XinyiYS/Robust-and-Fair-Federated-Learning

Question about the average test accuracy in the paper

Closed this issue · 2 comments

Hi, I'm very interested in your paper. But I'm confused about Table 1 in the experimental results.

In the original FL formulation, the reward is the same for everyone. In other words, every client gets the same global model. While the paper requires the models to have different performance, commensurate with their contributions. It means that there should be some clients whose model performance is not as good as the performance they get in fedavg. Then why did the clients in the RFFL get a better average test accuracy?

Looking forward to your reply! Thank you.

Thanks for the interest in our work.

See the following:

It means that there should be some clients whose model performance is not as good as the performance they get in fedavg.

This statement is not an entirely accurate description of what happens in our method. It is true that our method intends for the clients to have different models (hence different model performance). For the clients that receive models of relatively lower performance, it is not necessarily true that this performance is lower than that in FedAvg. Let me give a hypothetical example: Suppose that FedAvg obtains a model of performance $80 \%$ test accuracy (for all clients), while our method can obtain models of different performance with the range of $85 \%$ to $90\%$ test accuracy. Then a client that receives a relatively worse model in our method (e.g., $85 \%$), can still have a model that is better than in FedAvg (i.e., $80\%$).

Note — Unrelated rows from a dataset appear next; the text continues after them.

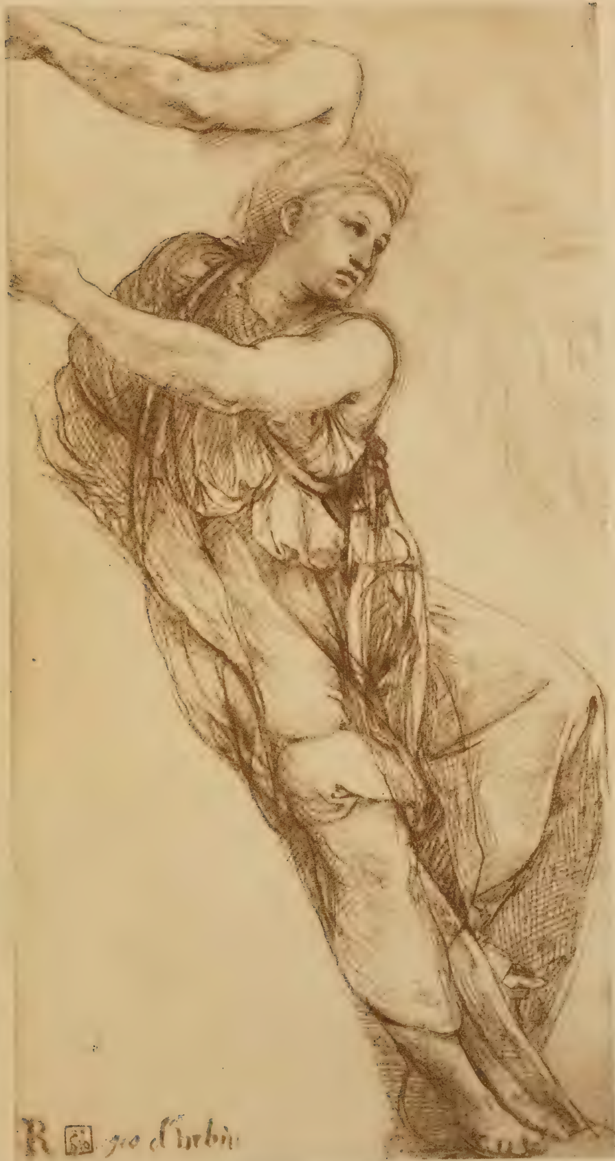
Dessin pour la Sybille de Phrygie de l'Eglise de S. Maria della Pace à Rome
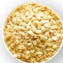
SEMILLA DE SANDÍA
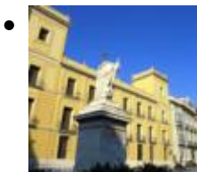
Palais Des Comtes De Cervellón [6]
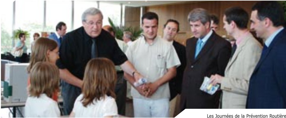
Les Journées de la Prévention Routière
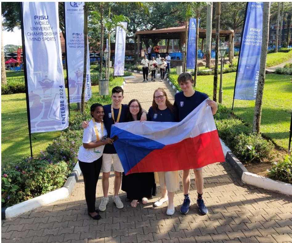
Česká výprava s tamější dobrovolnicí
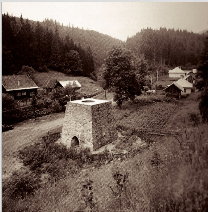
1. kép. A háromvízi helyreállított nagyolvasztó

A Zólyom vármegyei Libetbányát német hospesek alapították a 13. században, 1382-ben szabad királyi bányaváros lett. Aranybányái kimerülvén, a vasbányászatra tértek át, egy bucakemencét és hámort 1632-ben említenek először. Ennek helyén 1692-ben építtetett fel a kamara, a sziléziai Carl Philip Kropf kezdeményezésére, egy 7 láb magas és 1 láb 8 hüvelyk széles nagyolvasztót, amely az első volt Magyarországon. A kohó 13 fős személyzetét Kropf Jägerdorfból hozta magával. Naponta 8–9 bécsi mázsa nyersvasat termeltek, amely jelentős foszfortartalma miatt jól önthető volt, közvetlenül a nagyolvasztóból tűzhelylapot, konyhai edényt, mozsarat öntöttek. Miután Kropf viszonya a kamarai tisztviselőkkel és a munkatársaival megromlott, 1695 végén hazament Sziléziába, s a nagyolvasztó rövidesen leállt. A Rákóczi-szabadságharc alatt, 1704 szeptemberétől 1708 őszéig ágyúgolyót és bombát öntöttek a kurucoknak, majd ezek visszavonulása után, a szatmári békéig a császáriak számára.
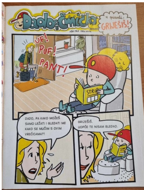
Slika 3. Nezainteresirani dječak

Na slici se prikazuje djevojčica koja u rukama drži bilježnicu s mnogo upitnika i upaljenom lampicom iznad glave. Smatra se da je ženski spol usmjereniji na obrazovanje od muškoga. Djevojčice se smatraju vrijednima i odgovornima, procjenjuje se da su sklonije verbalnom izražavanju od dječaka te da lakše verbaliziraju svoje misli i pretpostavke. U tom smislu procjenjuje ih se i znatizeljnijima.
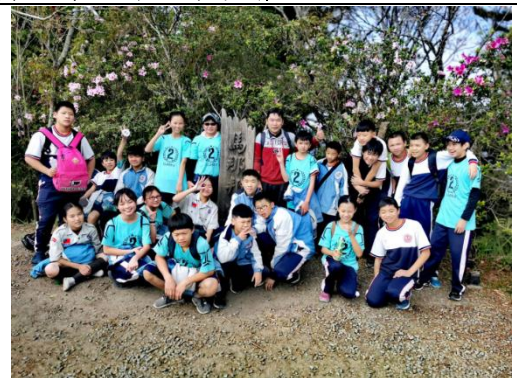
108 學年 1. 「南湖國中原住民文化踏查—我是部落裡的神箭手」。2. 「南湖國中生態樂活假期—暖溫帶森林的野性呼喚」--共 4 日課程，教育部 108 年戶外教育計畫自主學習課程。因新冠肺炎疫情，預計延後至 109 年暑假辦理。
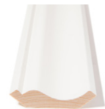
TAKLIST Dim. 18 x 70 mm
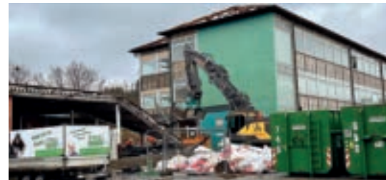
Die ehemalige Hauptschule wird abgerissen um Platz zu schaffen für die „Villa Balve“.

E inen etwas anderen Rückblick auf das Jahr bietet die Redaktion hier ihren Lesern an. Die HÖNNEZEITUNG hat mal das Wichtigste aus den erschienen Print- und Online-Ausgaben herausgefiltert.
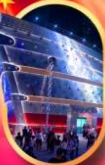
เรือเดอะหลุยส์
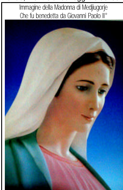
Immagine della Madonna di Medjugorje Che fu benedetta da Giovanni Paolo II°

Nel giugno del 1981 sei ragazzi di un villaggio dell'ex Jugoslavia affermarono di aver visto la Madonna.. E' una storia iniziata il 25 giugno 1981, che da allora ha richiamato nel cuore della ex Jugoslavia milioni di persone da tutto il mondo, mentre ancor oggi tre dei sei veggenti affermano di avere le «visioni» ogni sera, ovunque si trovino. Da allora
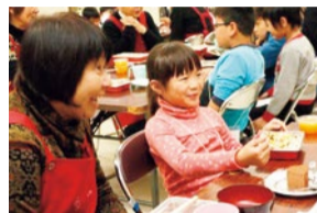
社協では、集まった食品の一部を子ども食堂に利用した。
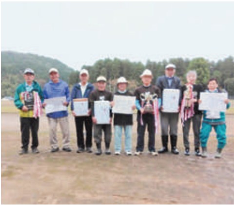
▲大会で入賞されたみなさん
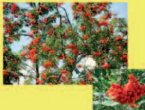
Vogelbeere Sorbus aucuparia
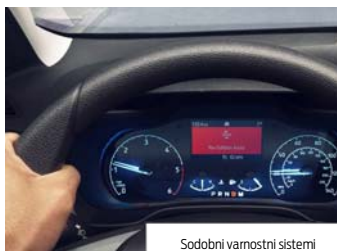
Sodobni varnostni sistemi
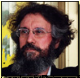
Consejero de Hacienda y Sanidad
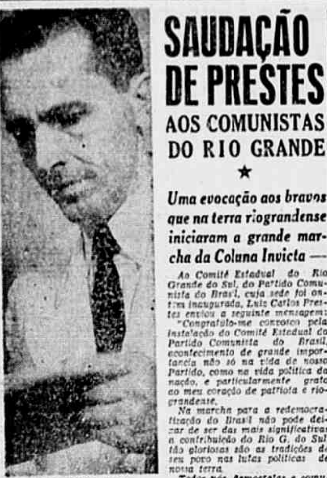
Luiz Carlos Prestes

O ARMISTICIO FOI UMA TRAIÇÃO DOS CHEFES MILITARES À CONFIANÇA DE CHURCHILL E ROOSEVELT — O "QUISLING" DE VICHY, RETARDOU AO MÁXIMO A PARTIDA DO GOVERNO PARA ULTRAMAR
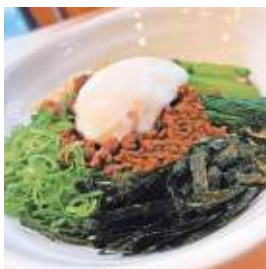
しるなしたんたんめん とがし
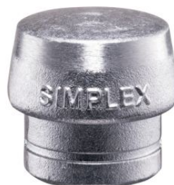
Boca de metal blando para mazas Simplex
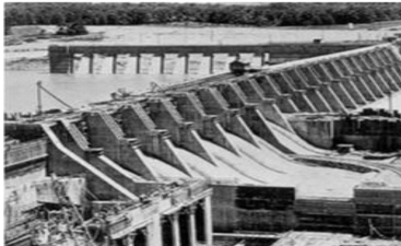
美国田纳西水利工程
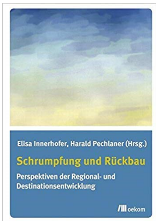
oekom, München 2017, 248 Seiten ISBN: 9783960060185, 24.95 €

Immer deutlicher tritt zutage, dass flächendeckendes Wachstum nicht möglich ist: Boomende Zentren sind ohne ihre Gegenpole nicht zu haben – Wachstum und Rückzug sind zwei Seiten einer Medaille, sie existieren nur mit- und nebeneinander. Was wir daher brauchen, ist eine Debatte über Strategien für Räume, deren Zukunft in wirtschaftlicher oder gesellschaftlicher Hinsicht ungünstig aussieht.
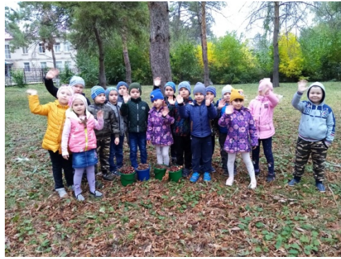
Флешмоб «Сбереги деревья!»
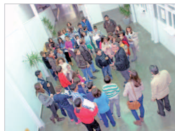
Recorrido por las dependencias municipales.
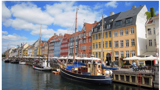
Nyhaven in Kopenhagen
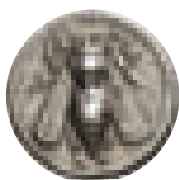
Minca z Efezu zobrazujúca včelu, jeden zo symbolov efezskej Artemis, z 3. stor. pred n.l.

Včely a človeka spája história dlhá milióny rokov. Podobne ako človek, aj prapôvodné včely pochádzali z Afriky, odkiaľ sa rozšírili na iné kontinenty. Med je jednou z najstarších zložiek ľudskej potravy – naši prapredkovia si pochutnávali na mede, vybranom z hniezd divých včiel dávno predtým, ako sa naučili zasiať prvé obilné zrno.
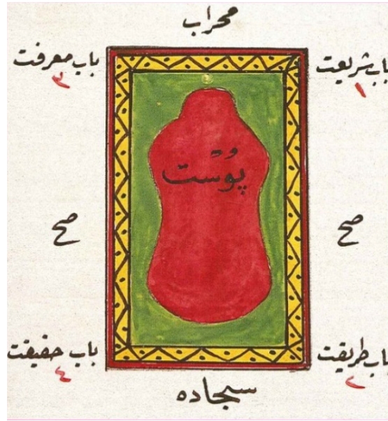
Çizim 1: Seccade Üzerinde Post. (Nurhan Atasoy'dan)

Agâh Efendi, “postun aslı hakkında bazı rivayetler vardır” demektedir. İbrahim’in oğlu İsmail’i kurban ederken “Cebrail tarafından İsmail’in yerine gönderilen koç, Âdem’in oğlu Habil’in tövbesinin karşılığında adadığı ve Allah katında kabul edilip göğe çıkan koçtur” diyerek böylece postun kutsallık kazandığını ve post üzerine oturmanın İbrahim ve İsmail’in sünneti olduğunu açıklamaktadır. 7
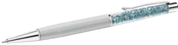
CRYSTALLINE LADY BALLPOINT PEN, IF BOX cod. SW5119273 - € 35.00

Il design pulito della penna a sfera Silver Pearl esprime una raffinata femminilità. Il corpo contiene 160 luminosi cristalli Indian Sapphire. La penna è presentata in un'elegante bustina in velluto. La ricarica di alta qualità è pratica e intercambiabile. Il regalo perfetto per persone speciali!
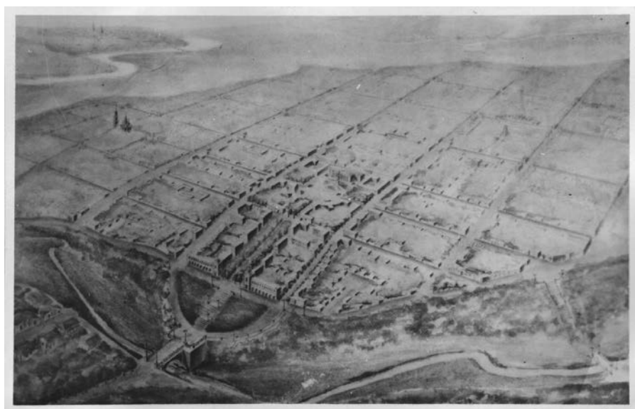
Fig. 8. Perspectiva orașului Cahul (arhitect V. Smirnov), 1947 ( http://oldchisinau.com/forum/download/file.php?id=22426&mode=view ).

fronton triunghiular. Pe fronton sunt înfățișate siluete umane reliefate ce au o anumită tangență cu artele. În calitate de elemente arhitecturale dezvoltate pe orizontală sunt folosite cornișele, cordoanele și panourile reliefate între ferestrele parterului și etajului. Sala de spectacole este
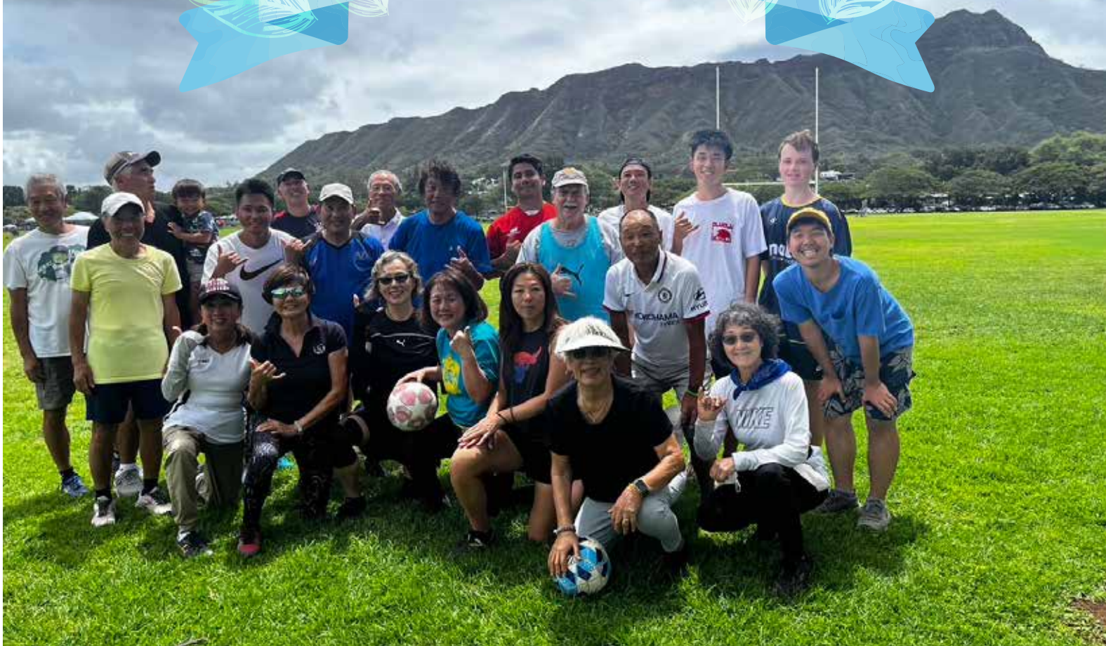
毎週土曜日にカピオラニ公園で開催しているイベント「ウォーキングサッカー」でのひとコマ。最近では若手世代の参加も多くなってきた。
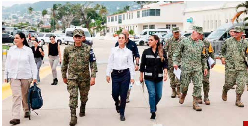
Inicia con el pie derecho su gestión como Presidenta.

Un detalle a resaltar de la Ejecutiva federal es que al término de sus Mañaneras tiene actividades, a diferencia de AMLO que en el transcurso del día no se sabía nada, salvo algún tuit o video que subía a sus redes.
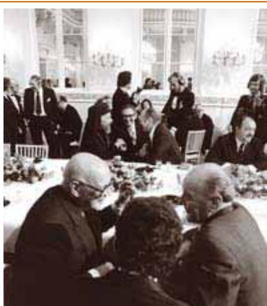
На официальном обеде в честь съехавшихся в Хельсинки делегатов президент Финляндии У. Кекконен (на переднем плане слева) беседует с первым секретарем Венгерской социалистической рабочей партии Я. Кадаром. На противоположной стороне стола свою беседу ведут президент Кипра архиепископ Макариос, госсекретарь США Г. Киссинджер и президент США Дж. Форд.

(Обратный перевод лингвистической службы ОБСЕ)
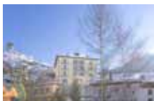
HOTEL ★★★ Muntanella ARDEZ Tel. (+39) 0342 902 424

So the question is: why/how is it that our method can outperform FedAvg in obtaining a higher test accuracy? The answer is that each client's gradient (or model update) is aggregated based on their reputation (i.e., their reputation is the weight, $r_t^{(t-1)}$ in Equation (1)) where in FedAvg, each client's gradient is aggregated based on the size of their local dataset. This implementation enables our method to carefully utilize the clients' reputations (which are an indirect measure of the qualities of the clients' local data and uploaded gradients) and upweight the "good clients" (and downweight the "bad clients"). This effect is more prominent in the experiment settings including adversarial clients (e.g., Table 6).

I understand. Thanks for your patient response.